Ed anche venerdì scorso, l’ultimo del mese di digiuno islamico del Ramadan, il Pontificio Consiglio per il
dialogo interreligioso ha emesso un messaggio augurale dal titolo “Cristiani e musulmani: insieme per la
vincere la povertà”. In esso si ripropone la tesi della interdipendenza tra la povertà e il terrorismo,
clamorosamente smentita dalla lunga serie di attentati terroristici che hanno insanguinato il mondo a partire
dall’11 settembre 2001: “Respingere i fenomeni di estremismo e di violenza esige necessariamente la lotta
contro la povertà attraverso la promozione di uno sviluppo integrale”. L’islamicamente corretto si rileva nel
fatto che la Chiesa non ha il coraggio di dire che il terrorismo è islamico e che il terrorismo islamico non è
affatto figlio della povertà, bensì la corretta trasposizione dei numerosi versetti coranici che istigano all’odio,
alla violenza e alla morte, nonché la corretta emulazione delle gesta di Maometto che ha personalmente
partecipato a stragi come quella del 627 in cui ha sgozzato oltre 700 ebrei della tribù dei Banu Quraisha alle
porte di Medina. L’islamicamente corretto l’ho toccato con mano nel foglio domenicale distribuito in occasione
della messa il 6 settembre in tutte le chiese d’Italia, con un riquadro dal titolo “Per un dialogo interreligioso,
Chiesa cattolica e Islam”, con una foto del papa che stringe la mano ad una esponente della delegazione
islamica dei cosiddetti “138 saggi dell’islam”, affiancata da Tariq Ramadan.

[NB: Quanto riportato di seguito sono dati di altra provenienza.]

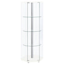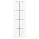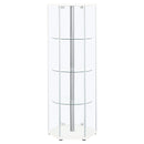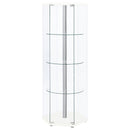 Three round clear tempered glass shelves provide strength to support your display items
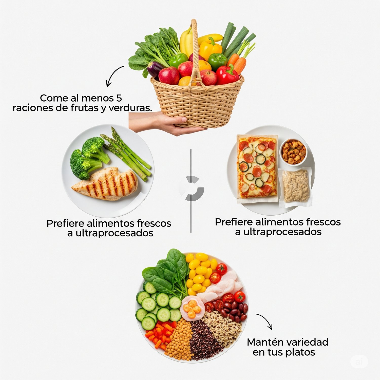 - Prefiere alimentos frescos a ultraprocesados.
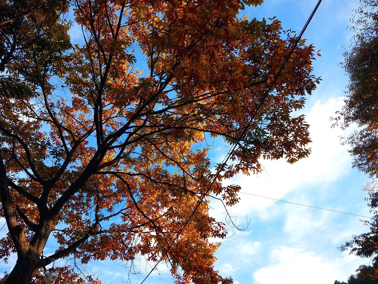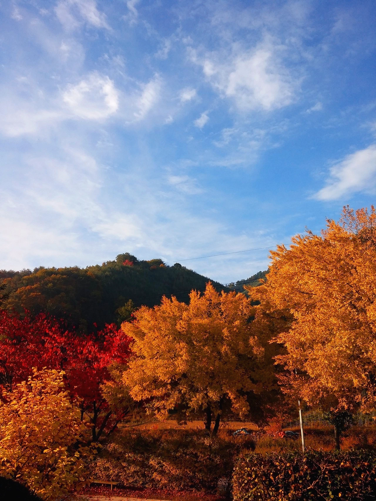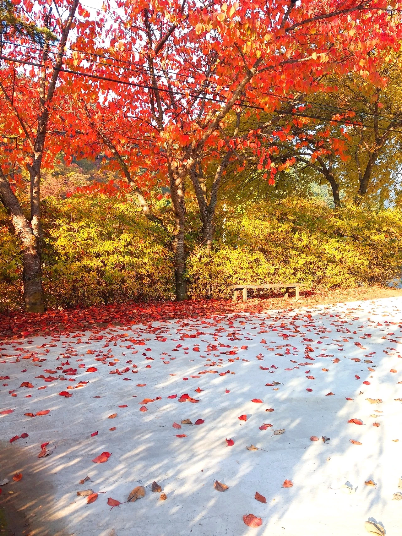 관심을 귀에서 눈으로 옮겨 한 바퀴 빙 둘러보면 눈 가는 곳마다 호강이다. 제 각기 다른 초록이었기는 해도 모두 초록이었던 나뭇잎들이 노랑과 빨강으로 나누어지고 그 노랑 안에서도, 그 빨강 안에서도 또 나누어지는 색깔파티. 거기에 파란색 하늘이 배경이 되어주니 어디서든 자기 색을 더 분명히 드러낸다. 어떤 나무도 같은 색은 없다. 같은 은행나무라도 어느 나무는 더 노랗고 어느 나무는 아직 위쪽만 노랗다. 서 있는 자리가 어딘지, 이웃이 누군지에 따라서 같은 종이라도 모두 다른 색이다. 모두가 하얗게 덮여버리기 전, 가을은 이렇게 모두 자기 자신이 되는 계절일까.
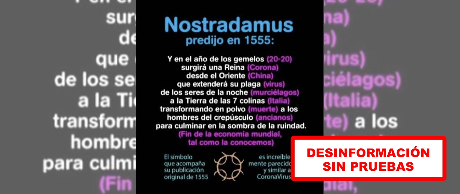 Nostradamus y el coronavirus. Más allá de la no evidencia científica de eso que llaman “predicciones”, ha vuelto a circular por redes sociales una imagen que dice que Nostradamus “predijo” en 1555 el coronavirus. En esta imagen se asegura que Nostradamus escribió un texto que decía: "En el año de los gemelos surgirá una reina desde el Oriente que extenderá su plaga de los seres de la noche a la Tierra de las 7 colinas transformando en polvo a los hombres del crepúsculo para culminar en la sombra de la ruindad". No hay pruebas de que Nostradamus escribiera este texto.*

Ebbene proprio questo personaggio, il più celebre ideologo dei Fratelli Musulmani in Europa, di nazionalità
svizzera, è il principale promotore della strategia che mira sia a legittimare su un piede di parità l’islam,
Allah, il Corano, Maometto e la sharia, sia a far riconoscere che l’islam è parte integrante delle radici storiche
della civiltà europea al pari dell’ebraismo e del cristianesimo. Questa strategia è oggi patrocinata dalla
Conferenza dell’Organizzazione Islamica, la cornice unitaria dei circa 50 paesi a maggioranza islamica. Bat
Ye’or, nel suo libro “Verso il Califfato universale, Come l’Europa è diventata complice dell’espansionismo
musulmano” (Lindau, 2009), ricorda che nell’ottobre del 2008 a Copenaghen si svolse la seconda Conferenza
internazionale per l’educazione e il dialogo interculturale. Nel suo intervento il segretario generale dell’Oci, il
turco Ihsanoglu, ha detto: “Sono particolarmente interessato ai progetti che porteranno a una descrizione
corretta del nostro passato comune in modo da chiarire che l’islam non è estraneo bensì parte integrante del
passato, del presente e del futuro dell’Europa in tutti i settori dell’impegno umano e che dimostreranno come
la civiltà e la cultura islamica hanno contribuito alla creazione dell’Europa moderna”. Ebbene cara Chiesa
cattolica riflettiamo.
In quest’Europa laicista, relativista e scristianizzata, i musulmani si fanno avanti con determinazione per
accreditare una loro paternità della nostra civiltà. Nel momento in cui noi ci vergogniamo di affermare la
verità storica delle radici giudaico-cristiane, loro si candidano per colmare il vuoto identitario con una
presunta radice islamica della civiltà europea. E se permetteremo che alle radici giudaico-cristiane si
sostituiscano quelle islamiche, di noi non resterà sostanzialmente nulla: senza un’anima, senza valori e senza
identità scompariremo. Allora dico alla Chiesa: basta con l’islamicamente corretto! Basta complicità nel
suicidio collettivo della civiltà europea.